## WHAT IS REQUIRED
Starting with the line with "Insert Cutter Spoilboard" in the entries below and going on through the line with "VEHICULE RAM 2500", output every line exactly and nothing more. No pictures.

*** Opening LISTED RECORDS ***

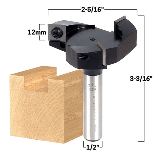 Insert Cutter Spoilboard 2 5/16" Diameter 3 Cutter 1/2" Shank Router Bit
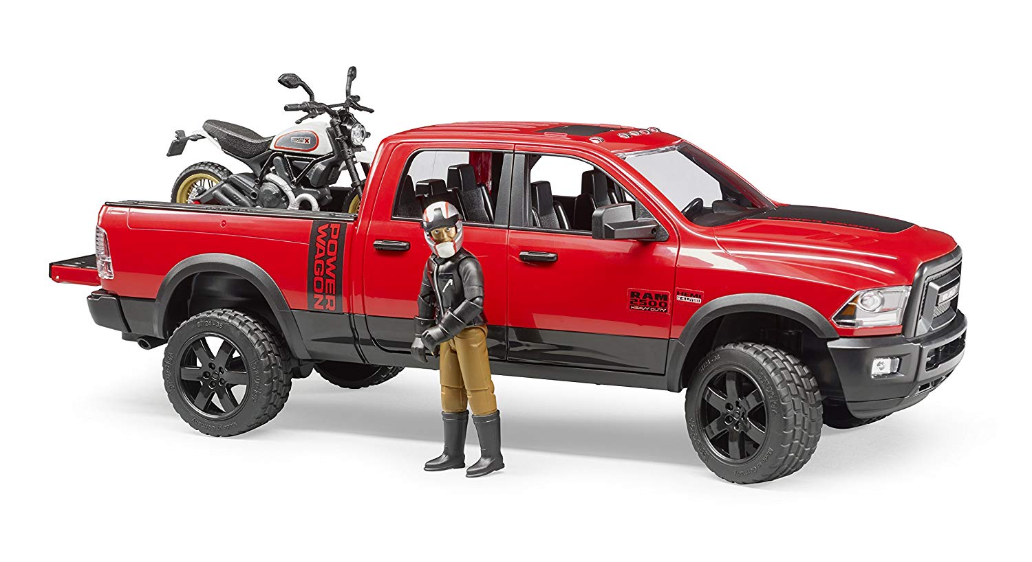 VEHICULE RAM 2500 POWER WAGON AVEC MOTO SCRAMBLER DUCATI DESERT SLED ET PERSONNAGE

*** Closing LISTED RECORDS ***
*** Opening LISTED RECORDS ***

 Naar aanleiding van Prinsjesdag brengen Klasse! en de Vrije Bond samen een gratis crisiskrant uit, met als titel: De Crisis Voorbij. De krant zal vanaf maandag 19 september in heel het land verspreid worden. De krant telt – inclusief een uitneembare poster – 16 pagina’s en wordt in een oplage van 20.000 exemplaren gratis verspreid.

*** Closing LISTED RECORDS ***

## TASK RESPONSE
 Insert Cutter Spoilboard 2 5/16" Diameter 3 Cutter 1/2" Shank Router Bit
 VEHICULE RAM 2500 POWER WAGON AVEC MOTO SCRAMBLER DUCATI DESERT SLED ET PERSONNAGE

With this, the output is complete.